Didn't have a good time so far. Opensolaris complains of not enough space though I am allocating 20GB to it, whereas the minimum required is 10GB. Solaris express tries to take over full hard disk. Maybe someone can help in the latter part then I could go ahead.
And also, how to mount linux partition on solaris, that would be needed to install my network drivers.


----------



## subratabera (May 23, 2008)

praka123 said:


> ^Do you think with 384MB of RAM,opensolaris will work on my system(hdd install)?ofcourse,I got a 256MB 7300GT



Actually I've installed Solaris 10 in vmware with only 384 MB RAM and it worked flawlessly. I am still running it inside vmware. Here is a screenshot...
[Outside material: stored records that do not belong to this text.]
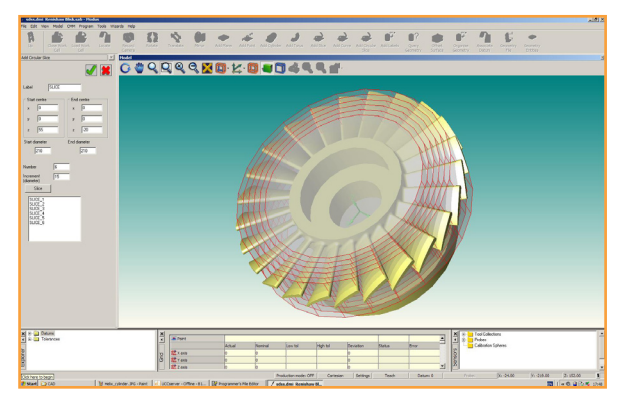
MODUS<sup>™</sup> screenshot - circular slice

He continued, "With our new team of engineers and our recent investments in software engineering in the UK and India, we now have a top-flight metrology package and the means to develop it. Our strategy is to enhance MODUS<sup>™</sup> to keep pace with our forthcoming solutions, including new sensors for the REVO<sup>™</sup> platform. This will ensure that MODUS<sup>™</sup> users are always amongst the first to benefit from innovations in measurement technology."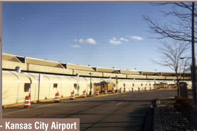
Passenger Corridors - Kansas City Airport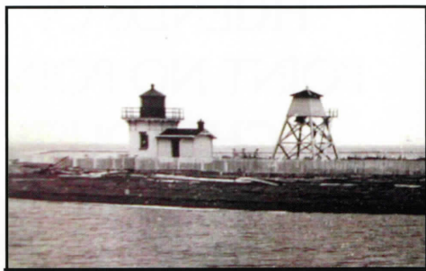
The PNP Light Station circa 1890

Washington's Point No Point Light Station is the oldest on Puget Sound. It is located on a low finger of land that the local Native American tribes had given the name Hahd-skus , meaning long nose. The Point No Point Treaty was signed on the spit in 1855 by Territorial Governor Isaac Stevens and leaders of S'klallam, Skokomish and Chimacum tribes.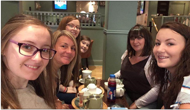
Left - Some of the group at Kilmarnock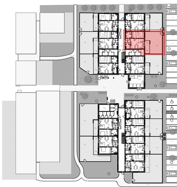
Übersichtsplan M 1:1000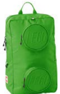
20204-0037 Bright Green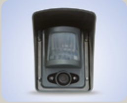
Outdoor MotionViewer - Secure detached garages, porches, patios and storage sheds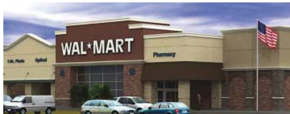
Raritan Town Square, Raritan New Jersey

Successful redevelopment requires exceptional vision, resources and expertise. Premier has the vision to imagine the possibilities for abandoned, contaminated or underutilized sites, and the capability to redevelop them for new use. The company has the financial resources required to see projects from start to finish; in-depth knowledge of environmental issues, approvals and regulations; and the engineering and planning expertise crucial to turning these sites around. While extensive and complicated, redevelopment is a uniquely satisfying endeavor, and they take great pride in their achievements in this field.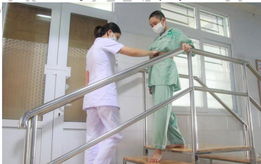
Fig 1- Nurse at Bai Chay hospital

And patients in stage 2 become higher proportion than stage 1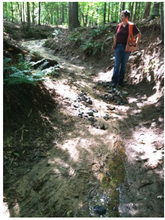
The type of channel shown above, which only receives water after it rains, may be included as a federally-protected "waters of the US," based on some interpretations of the new proposed rule.

The forestry community across the nation is working to provide constructive comments and feedback. As part of that outreach effort, the N.C. Forest Service and N.C. Dept. of Agriculture and Consumer Services hosted a meeting and brief tour of a forestry site with staff from the US-EPA at the end of September, at the <a href="Stan Adams Training Center">Stan Adams Training Center</a> on <a href="Jordan Lake Educational State Forest">Jordan Lake Educational State Forest</a>. As notable progress occurs with this proposed rule, we will provide updates in future newsletters.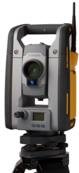
Universal Total Station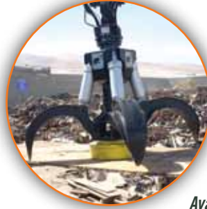
Available for electromagnet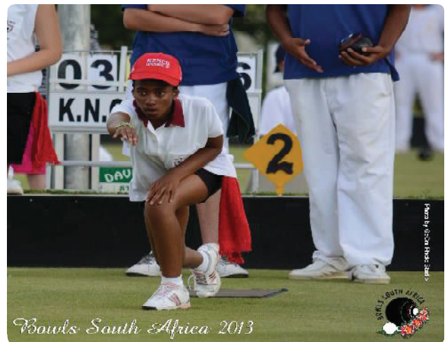
WINNER: The eyes tell it all for KZN ...

Schools development has made great strides and the number of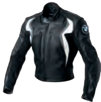
Men's cut, Black/Grey

This leather suit is the perfect introduction to the world of motorsport. 100% cowhide nappa leather, stitched-in protectors, and a number of leather and aramid stretch inserts ensure a streamlined, comfortable fit. As such, it is ideal for short trips and longer tours alike.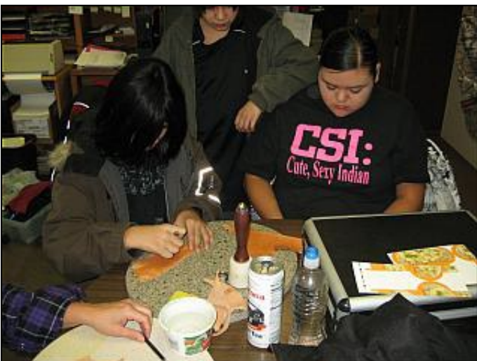
Three of the newbies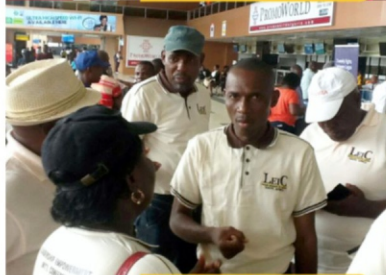
LEIC SOUTH AFRICA 2016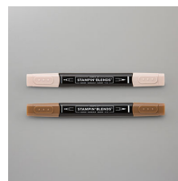
Bronze & Ivory Stampin' Blends Combo Pack [154922] $9.00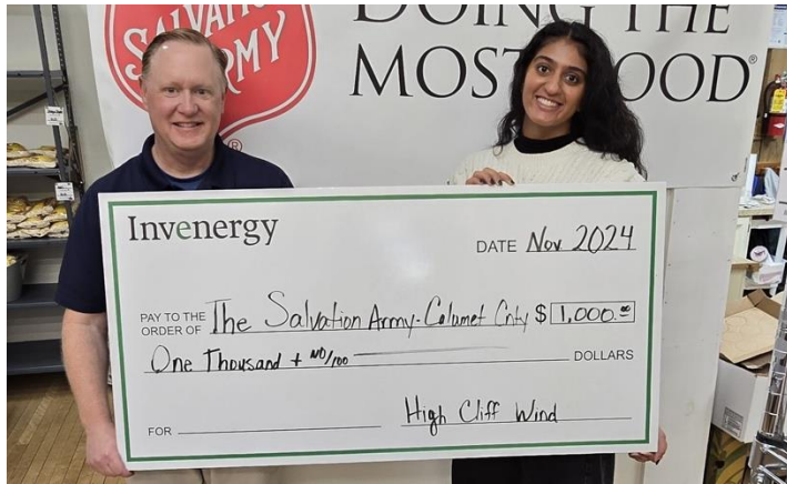
Above: Invenergy's High Cliff Wind team presented a donation to the Salvation Army of Calumet County's Red Kettle Campaign. The donation will help support programs and services that assist families in need in Calumet and southern Manitowoc counties.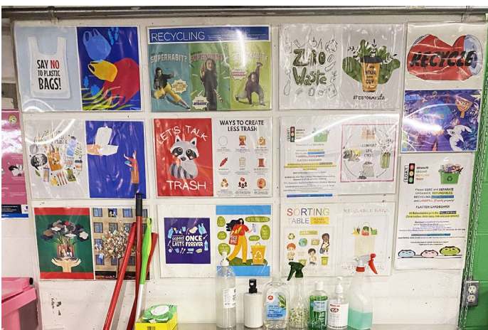
Fun posters above a stainless steel sorting table with hand sanitizer.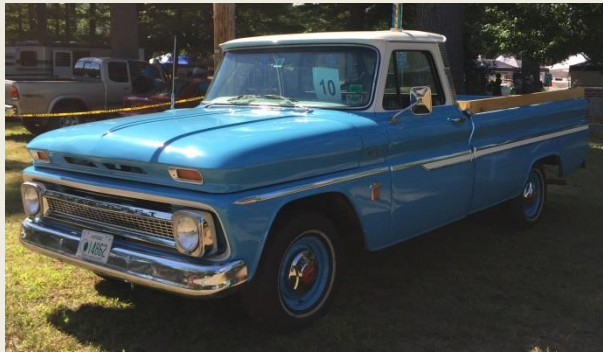
2 ND PLACE – RICKY STEVENS

*img525.imageshack.us/img525/8489/solaris1re9.th.png



			
				mehulved said:
			
		

> And also, how to mount linux partition on solaris, that would be needed to install my network drivers.



You can use NFS or try this link.


----------



## praka123 (May 23, 2008)

hey thanks!subrata!I am gonna try soon!(now trying fc9 livecd  )
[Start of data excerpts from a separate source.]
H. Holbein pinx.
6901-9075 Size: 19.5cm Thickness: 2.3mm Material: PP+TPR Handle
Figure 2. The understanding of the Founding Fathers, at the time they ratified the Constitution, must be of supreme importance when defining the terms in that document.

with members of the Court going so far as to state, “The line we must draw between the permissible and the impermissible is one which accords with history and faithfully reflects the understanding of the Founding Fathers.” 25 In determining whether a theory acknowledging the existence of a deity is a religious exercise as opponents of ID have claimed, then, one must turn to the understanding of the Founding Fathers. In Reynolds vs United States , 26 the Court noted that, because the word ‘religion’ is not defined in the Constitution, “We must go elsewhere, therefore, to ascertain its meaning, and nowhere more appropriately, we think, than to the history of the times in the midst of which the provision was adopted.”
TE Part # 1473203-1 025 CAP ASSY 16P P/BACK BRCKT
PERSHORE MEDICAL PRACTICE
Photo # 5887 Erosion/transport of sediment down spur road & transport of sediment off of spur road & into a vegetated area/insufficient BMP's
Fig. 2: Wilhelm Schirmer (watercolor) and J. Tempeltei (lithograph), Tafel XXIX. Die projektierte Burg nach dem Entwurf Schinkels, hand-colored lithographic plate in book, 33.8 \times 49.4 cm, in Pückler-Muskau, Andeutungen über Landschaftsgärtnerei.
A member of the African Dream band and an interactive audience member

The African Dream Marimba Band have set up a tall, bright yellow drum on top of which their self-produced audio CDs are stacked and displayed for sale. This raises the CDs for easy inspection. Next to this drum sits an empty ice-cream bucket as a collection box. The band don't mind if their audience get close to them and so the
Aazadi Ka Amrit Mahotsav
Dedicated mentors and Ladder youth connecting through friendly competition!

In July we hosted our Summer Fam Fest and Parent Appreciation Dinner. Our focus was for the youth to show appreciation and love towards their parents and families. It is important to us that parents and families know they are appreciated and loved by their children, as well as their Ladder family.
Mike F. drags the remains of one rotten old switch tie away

hey!  But I intend to run on Gnome session on Solaris


----------



## subratabera (May 23, 2008)

AFAIK CDE is preferred over Gnome on almost all Solaris enterprise level servers. Try to use CDE and you will get used to it very soon. And its very light too.


----------



## mehulved (May 24, 2008)

subratabera said:


> You can use NFS or try this link.



I know about NFS, I have run it at FOSS Lab. But, my problem is that both are on the same machine. 
Downloading extra packages is out of question cos drivers for both my ethernet card aren't found in solaris and for this precise reason I need to access my linux partition. I have downloaded drivers for my via rhine card and need to access them.
So, it seems both are out of question. Even UFS is read-only on linux so can't transfer contents to my FreeBSD partition and try. It's like a total deadlock situation.
Only thing that seems possible now is, to burn the drivers on a CD.
But, anyways need to be able to install solaris first.


----------



## Yamaraj (May 24, 2008)

subratabera said:


> Actually I've installed Solaris 10 in vmware with only 384 MB RAM and it worked flawlessly. I am still running it inside vmware. Here is a screenshot...


You know that Solaris 10 is NOT OpenSolaris, don't you?


----------



## subratabera (May 24, 2008)

Yamaraj said:


> You know that Solaris 10 is NOT OpenSolaris, don't you?



Ya, I just want to tell him that he can try Solaris 10 with only 384 MB of RAM. I think OpenSolaris needs more RAM due to Gnome DE and tonnes of running services.



mehulved said:


> Even UFS is read-only on linux so can't transfer contents to my FreeBSD partition and try.


This might work.


----------



## shady_inc (May 24, 2008)

blueshift said:


> ^ I ordered too. It will take atleast 3-4 weeks. Have patience.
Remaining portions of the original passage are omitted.